All entries below are to be returned exactly, with pictures left out.

Stored items
● ● ●

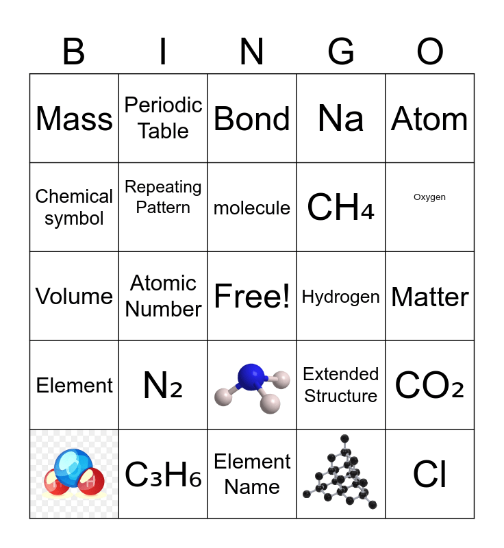 This bingo card has 3 images, a free space and 21 words: N₂, C₃H₆, molecule, Atom, Mass, Chemical symbol, Periodic Table, Hydrogen, CH₄, Volume, Extended Structure, CO₂, Repeating Pattern, Matter, Bond, Oxygen, Atomic Number, Cl, Element, Na and Element Name.
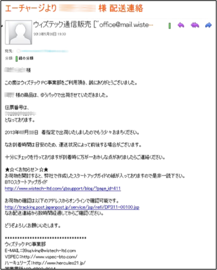 商品の発送当日の夕方頃にメールにて運送会社の配送伝票番号を記載したメールを送りしています。
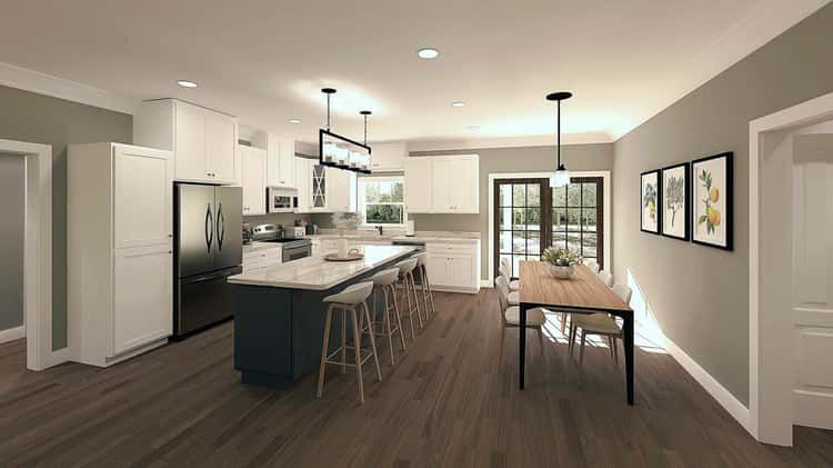 The kitchen includes a large island with snack-bar seating — perfect for casual meals, conversations while cooking, or a quick breakfast before the day starts. The open layout helps keep everyone connected, whether cooking, chatting, or relaxing. 3
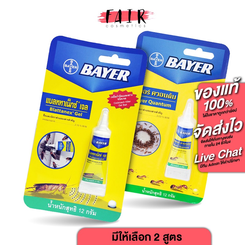 Bayer Quantum/Blattanex Gel ไบเออร์ ควอนตั้ม/แบลททาเน็กซ์ เจล [12 g.] กำจัดมด กำจัดแมลงสาป เหยื่อมด เหยื่อแมลงสาป เจลกำจ
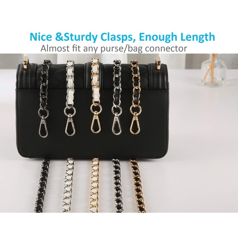 - ❤Very cute and versatile bag strap, handbag chain 47.2" length, Very Strong, Attractive, Good Quality Chain.This strap is a great way to make any purse/bags look better and more expensive &very secure. Added this chain to many kinds of bag,the clasps are nice and small,so they fit any little connector. Use this chain all the time and held up perfectly,The strap can dress your handbag/purse up and made it look really elegant.
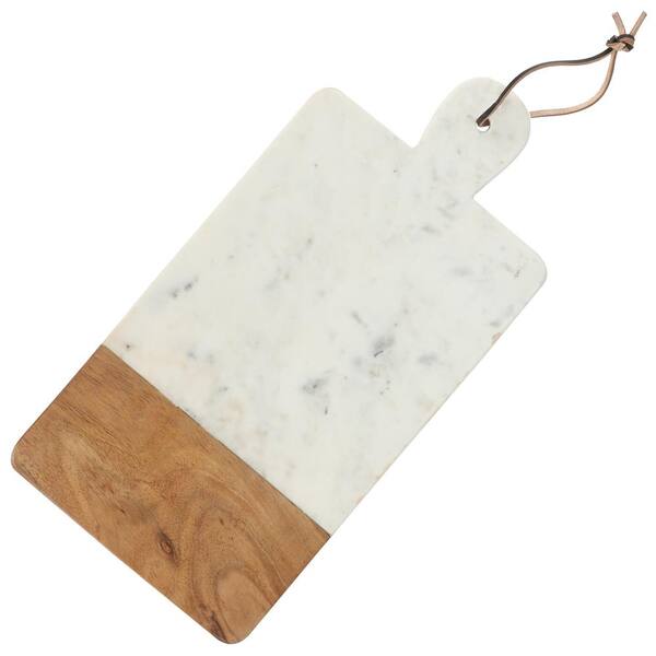 Mix Material 16 in. x 8 in. Rectangular Cheese Board in White Marble and Wood
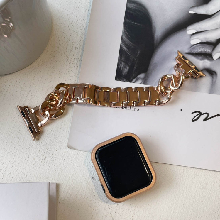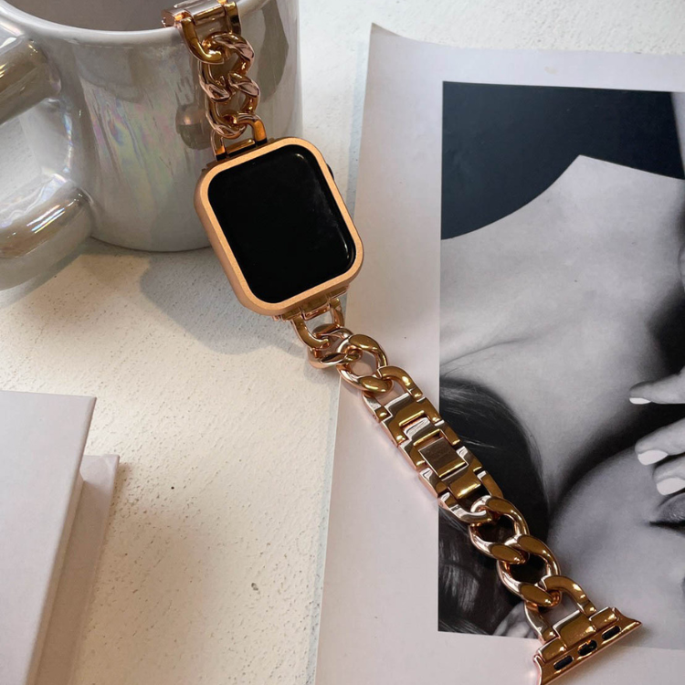 【錶帶+錶框】Apple Watch 不鏽鋼金屬扣鍊鎖鏈錶帶+錶框 組合【B48】
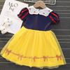 Vestido de princesa Elsa de Frozen de manga corta colorido, ropa infantil de comercio exterior, vestido de niña, disfraz de actuación para el Día del Niño
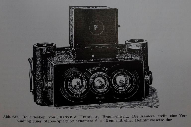 Keywords: Technische Sammlungen Dresden - Foto - Rolleidoskop für Sch - DSC4536.jpg de Rolleidoskop Vewrbindung einer Stereo Spiegelreflexkamera 6 13 cm mit einer Rollfilmkassette von Franke Heidecke Braunschweig 2016-03-05 16 27 33 Die Photographische Kamera und ihr Zubehör in Alfred Hay Herausgeber Handbuch der Wissenschaftlichen und angewandten Photographie Band II; Verlag von Julius Springer Wien 1931 Karl Pritschow other versions WikiTech-Tage Dresden 2016 PD-Art Rollei cameras |
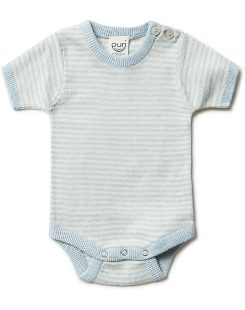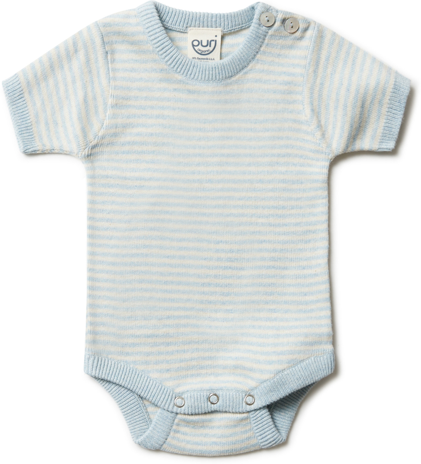 Puri Organic Kurzarmbody Ringel aus Bio-Baumwolle/Seide - Hellblau/Natur

● ● ●

Answer section
 This bingo card has 3 images, a free space and 21 words: N₂, C₃H₆, molecule, Atom, Mass, Chemical symbol, Periodic Table, Hydrogen, CH₄, Volume, Extended Structure, CO₂, Repeating Pattern, Matter, Bond, Oxygen, Atomic Number, Cl, Element, Na and Element Name.
 商品の発送当日の夕方頃にメールにて運送会社の配送伝票番号を記載したメールを送りしています。
 The kitchen includes a large island with snack-bar seating — perfect for casual meals, conversations while cooking, or a quick breakfast before the day starts. The open layout helps keep everyone connected, whether cooking, chatting, or relaxing. 3
 Bayer Quantum/Blattanex Gel ไบเออร์ ควอนตั้ม/แบลททาเน็กซ์ เจล [12 g.] กำจัดมด กำจัดแมลงสาป เหยื่อมด เหยื่อแมลงสาป เจลกำจ
 - ❤Very cute and versatile bag strap, handbag chain 47.2" length, Very Strong, Attractive, Good Quality Chain.This strap is a great way to make any purse/bags look better and more expensive &very secure. Added this chain to many kinds of bag,the clasps are nice and small,so they fit any little connector. Use this chain all the time and held up perfectly,The strap can dress your handbag/purse up and made it look really elegant.
 Mix Material 16 in. x 8 in. Rectangular Cheese Board in White Marble and Wood
 【錶帶+錶框】Apple Watch 不鏽鋼金屬扣鍊鎖鏈錶帶+錶框 組合【B48】
 Vestido de princesa Elsa de Frozen de manga corta colorido, ropa infantil de comercio exterior, vestido de niña, disfraz de actuación para el Día del Niño
 Keywords: Technische Sammlungen Dresden - Foto - Rolleidoskop für Sch - DSC4536.jpg de Rolleidoskop Vewrbindung einer Stereo Spiegelreflexkamera 6 13 cm mit einer Rollfilmkassette von Franke Heidecke Braunschweig 2016-03-05 16 27 33 Die Photographische Kamera und ihr Zubehör in Alfred Hay Herausgeber Handbuch der Wissenschaftlichen und angewandten Photographie Band II; Verlag von Julius Springer Wien 1931 Karl Pritschow other versions WikiTech-Tage Dresden 2016 PD-Art Rollei cameras |
 Puri Organic Kurzarmbody Ringel aus Bio-Baumwolle/Seide - Hellblau/Natur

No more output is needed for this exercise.